Project Proposal

This document is the proposal of our Distributed Question Answering System project for the course 15-418 Parallel Computer Architecture and Programming, and we will cover the following topics in this proposal:

Title
Team
Summary
Background
The Challenge
Resources
Goals and Deliverables
Platform Choice
Schedule

TITLE

Ask Me Anything: Distributed Question Answering System with Freebase

TEAM

Ziyuan Gong (ziyuang), Hongyu Li (hongyul)

SUMMARY

We will implement a question answering system trained by deep learning models (LSTM, CDSSM, etc.) that could answer any input questions from users. We will use parallel techniques to speedup the training and ranking phases of the system, and further improve the reponse speed by distributing the computation to multiple workers.

BACKGROUND

What is Freebase?

Freebase is a large collaborative knowledge base containing well structured data that allows machines to access them efficiently. Each entity can be considered as a graph node in the Freebase knowledge graph, and each outward edge together with the connecting entity or attribute represents a piece of fact or knowledge that could be used to answer different kinds of questions.
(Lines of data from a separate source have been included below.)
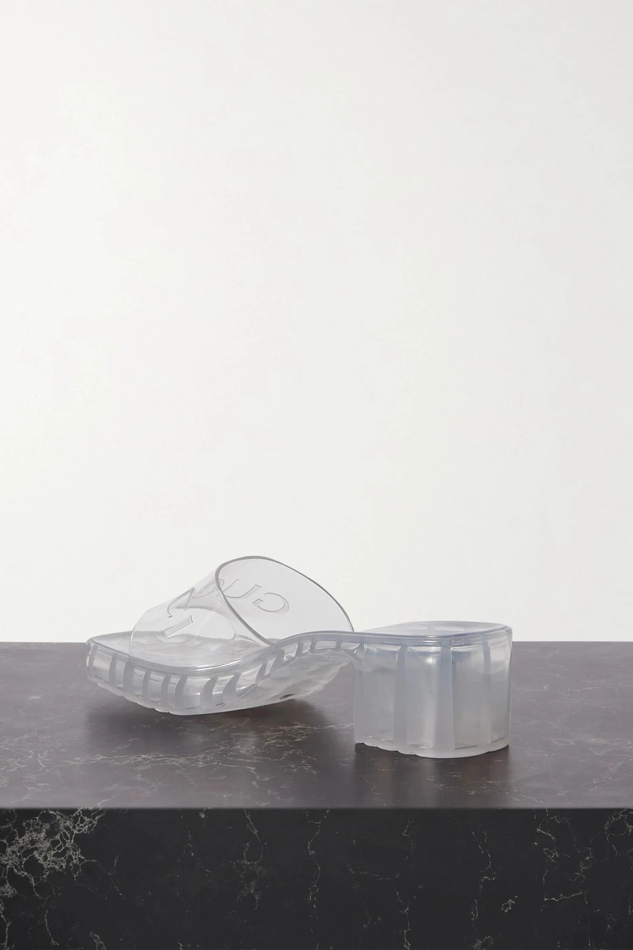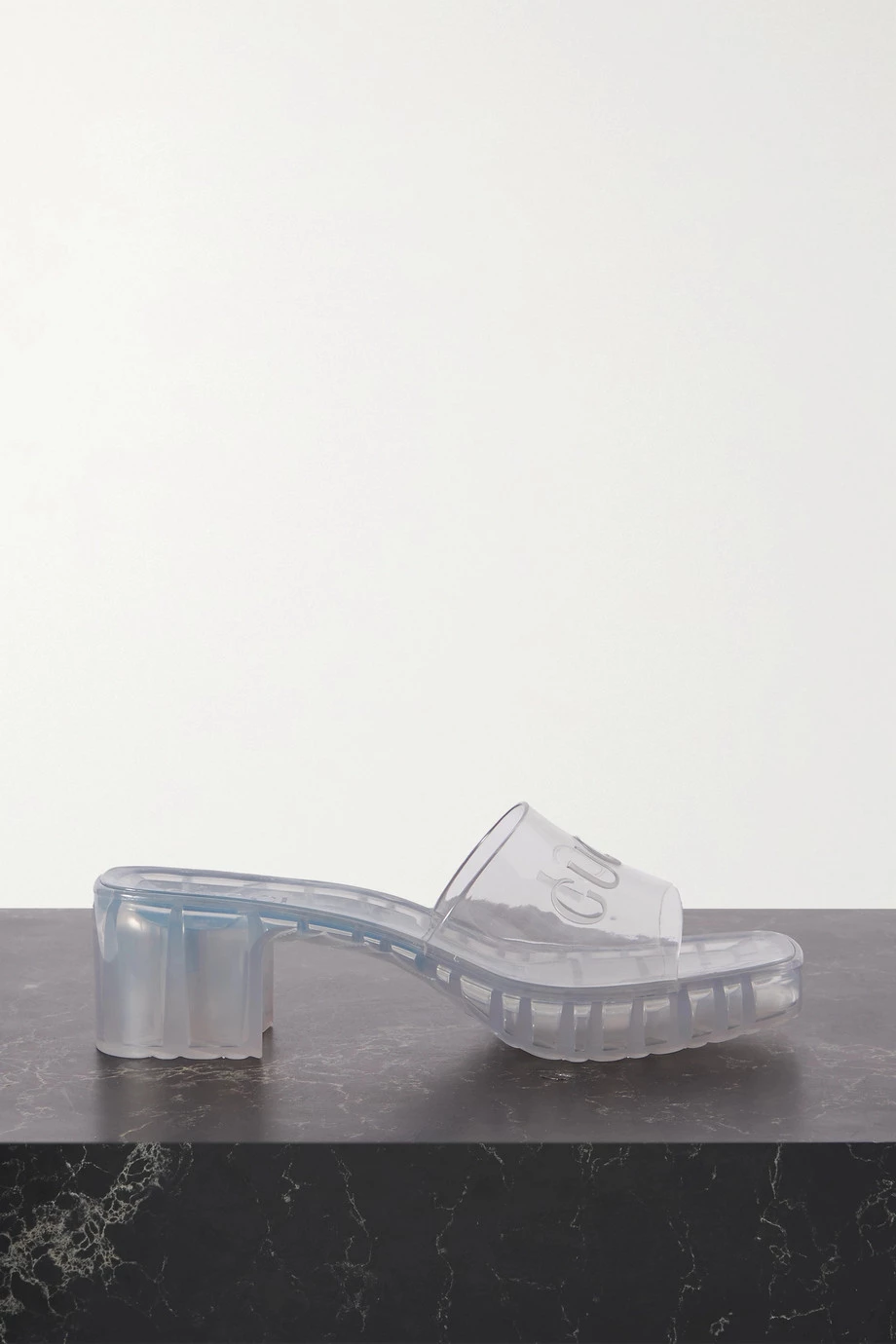 Die „Plastique“ Mules von Gucci versetzen uns in die 90er-Jahre zurück. Das Paar wurde in Italien aus farblosem Gummi mit Logoprägung gefertigt und zeigt sich mit einer karreeförmigen Zehenpartie sowie einem Blockabsatz. Es passt zu schicken Ensembles ebenso gut wie zu verkürzten Jeans mit Fransen.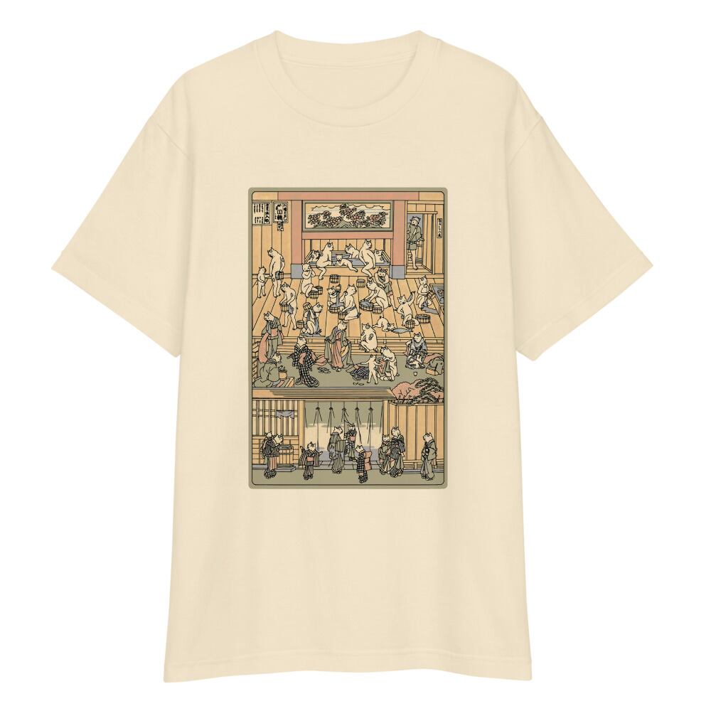 【猫の湯屋】擬人化にゃんこ|浮世絵ネコ柄Tシャツ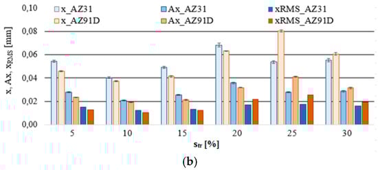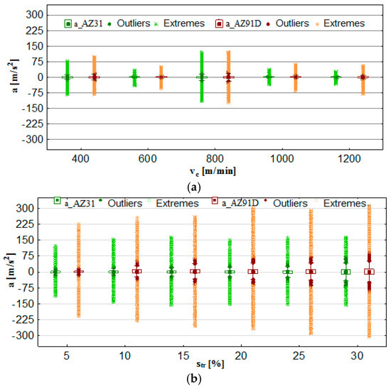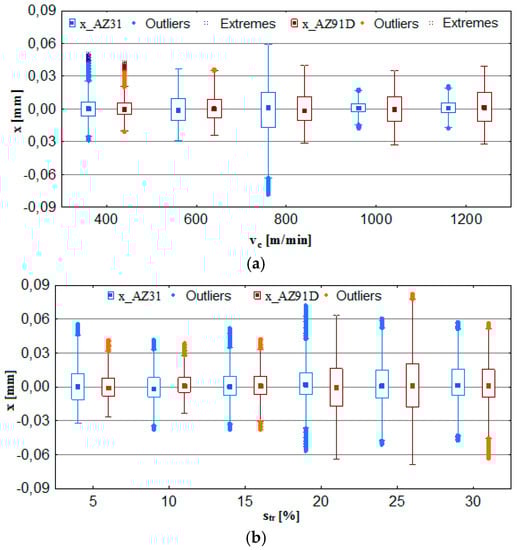 Figure 8a indicates that the most favorable conditions regarding vibration displacement occur when milling is performed at vc = 1000–1200 m/min. Considering AZ91D alloy, one may see no outliers or extremes, which clearly suggests very good machining stability throughout the entire range of cutting speeds vc. In the case of AZ31 alloy, although outliers/extremes are admittedly present in graphs, the box plot range is the smallest for the entire analysed range of vc. Figure 8b shows that trochoidal step change leads to an increase in the range of recorded values and outliers/extremes for vibration displacement. What follows from these observations is that it is more advantageous to repeatedly increase the cutting speed rather than the trochoidal step, due to the fact that higher values of vc translate to a more favorable range of x. The most unfavourable range of displacement vibrations x occurs at str = 20–30%.

What is Question Answering?

Question answering (QA) is a computer science discipline within the fields of information retrieval and natural language processing (NLP), which is concerned with building systems that automatically answer questions posed by humans in a natural language. — Wikipedia

What is a typical structure for Question Answering systems?
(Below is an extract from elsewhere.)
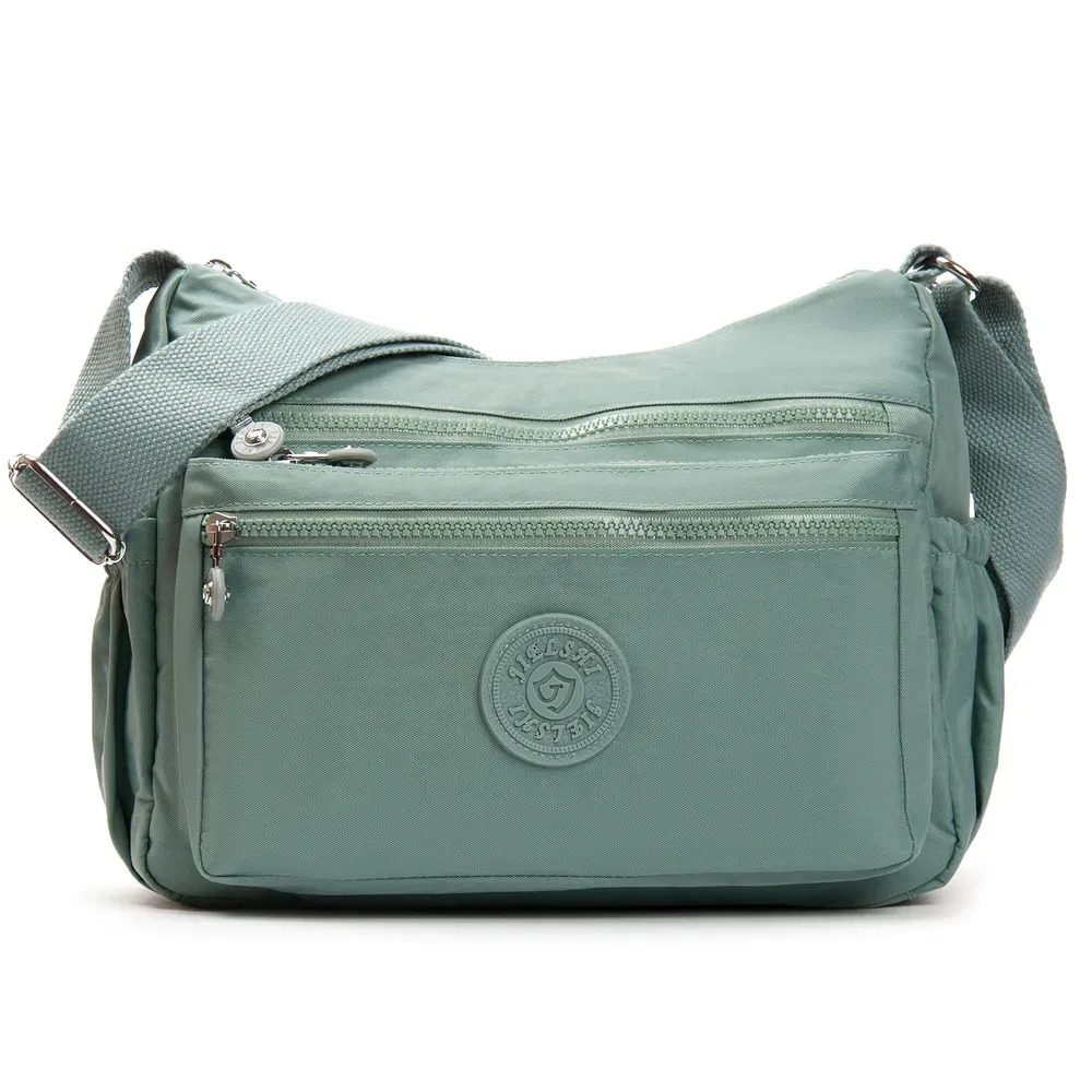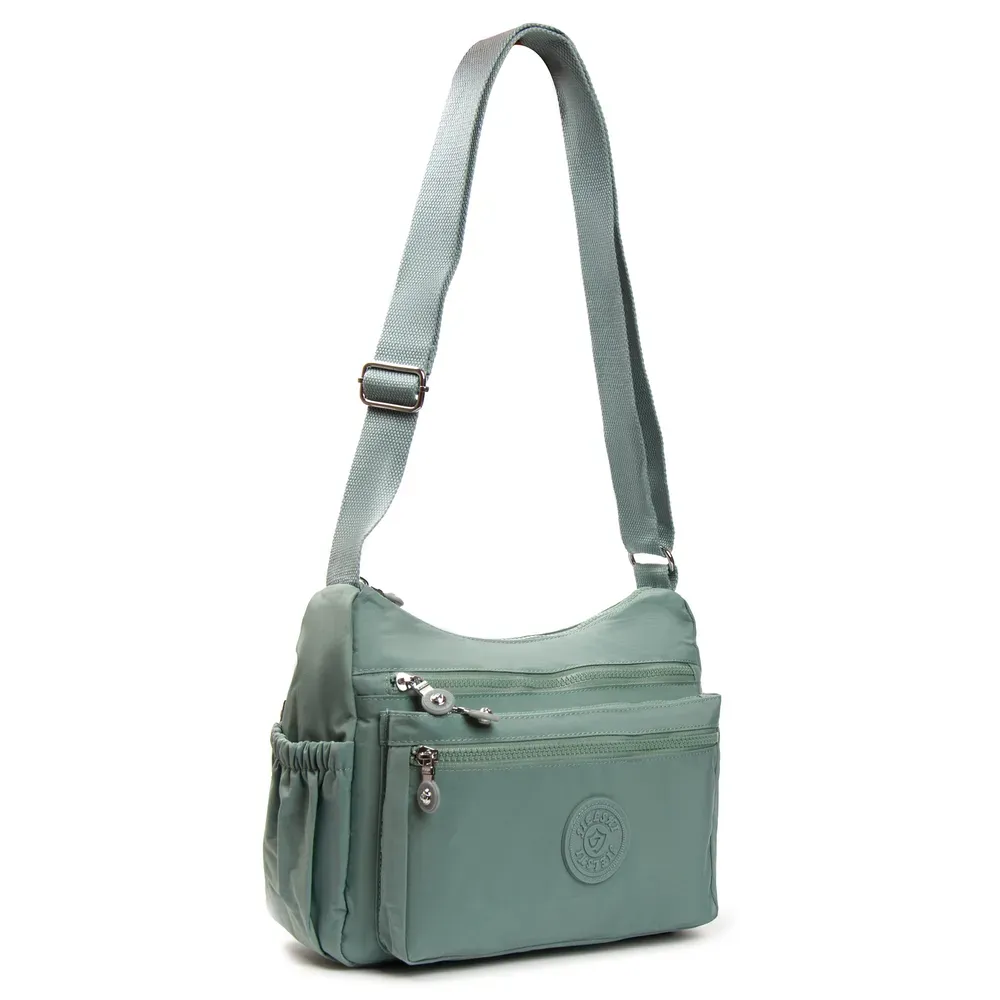 Жіноча сумочка крос боді. Виготовлена з водовідштовхувального текстилю. Одне відділення закривається на блискавку. Усередині є бічна кишеня на блискавці та відкрита кишеня. На фасаді та на звороті знаходяться місткі кишені на блискавці. А на торцях розташовані маленькі кишеньки на блискавці

There are many different approaches to solve the Question Answering problem, such as NLP-based methods, Information Retrieval based methods or Machine Learning techniques, and the system structure may vary. However, our implementation will follow the paradigm below.

Input: q, a question in natural language
Entity Recognition: identify the root entity e in q
Fact Candidate Generation: generate the set of fact candidates F, where for each f in F, f is the Freebase triple that is extended from the root entity e
Ranking: rank all possible fact candidates, choose the best one to answer the question q

RESOURCES

We will start from the aqqu system provided in the study More Accurate Question Answering on Freebase by Hannah Bast and Elmar Haussmann. However, the aqqu system was only trained on the Free917 and the Webquestions dataset, so that it does not satisfy our goal that the QA system could answer any input questions. Therefore, we will basically build our own QA system from scratch with similar accuracy but faster response speed.

Papers as references:

THE CHALLENGE

Data management: Given the sheer amount of Freebase raw data, it poses a challenge for our team to collect and construct a database to support effective information retrieval. Furthermore, both members of our team have limited prior experience on database, such that it requires extra time for our team to learn new stuff.
Deep learning model: A significant part of our project relies on keras, a Deep Learning library for Python. Both the adaptation of the framework and the decision for our final deep learning algorithm require experimentation and comparison of various implementations.
Acceleration: Again, the large amount of data in Freebase provides us with sufficient motivation to adapt parallel mechanism we learnt in class to accelerate the whole process. However, given the hop-by-hop network structure, it poses a challenge for us to find the correct response in a short period of time.

GOALS AND DELIVERABLES

PLAN TO ACHIEVE

One must-achieve for this project is to build a robust Question Answering system. Here is a list of functionalities and requirements that we want our system to achieve:

Robust, bug-free
Will give a list of possible answers for any input questions
Accuracy: correct answer in the top-5 list for 80% of the questions
Speed: output an answer for any question within a second (the aqqu system answers a question for about 5 seconds in average)

HOPE TO ACHIEVE

If the project goes really well, we want to achieve the following goals:

Build a web service to receive user requests
Build a Question Answering Visualizer that could display the process of finding the answers for the question through Freebase

DEMO

We aim to give an interactive demo during our final presentation. It would be great if we can ask some people to come up with some questions and input them to our Question Answering system, which would make the presentation much more engaging.
For evaluation purposes, we will include the speedup graph for multiple approaches in our final report, and also the evaluation results on the Free917 and Webquestions dataset to see whether we have achieved the accuracy objective.

PLATFORM CHOICE

The system will be implemented in Python, and we will use Keras to train the LSTM (Long-short-term-memory) and CDSSM (Covolutional Deep Structured Semantic Model) models.

SCHEDULE

Date	Objectives
2017.04.10	Pre-process Freebase data, split and load into multiple databases. Finalize the Question Answering system structure: entity recognition, query candidate expansion, ranking …
2017.04.17	Train the Bi-diretional LSTM model on the Webquestions dataset in order to compute sentence similarity. Continue working on building the Question Answering system.
2017.04.24	Test current system with example question set. Try different parallel techniques to speedup.
2017.05.01	Launch the Question Answering system on AWS. Try to build the web service to receive Question-Answering request.
2017.05.08	Finalize report and presentation. Continue working on web service and Question-Answering visualizer.

Written on April 8, 2017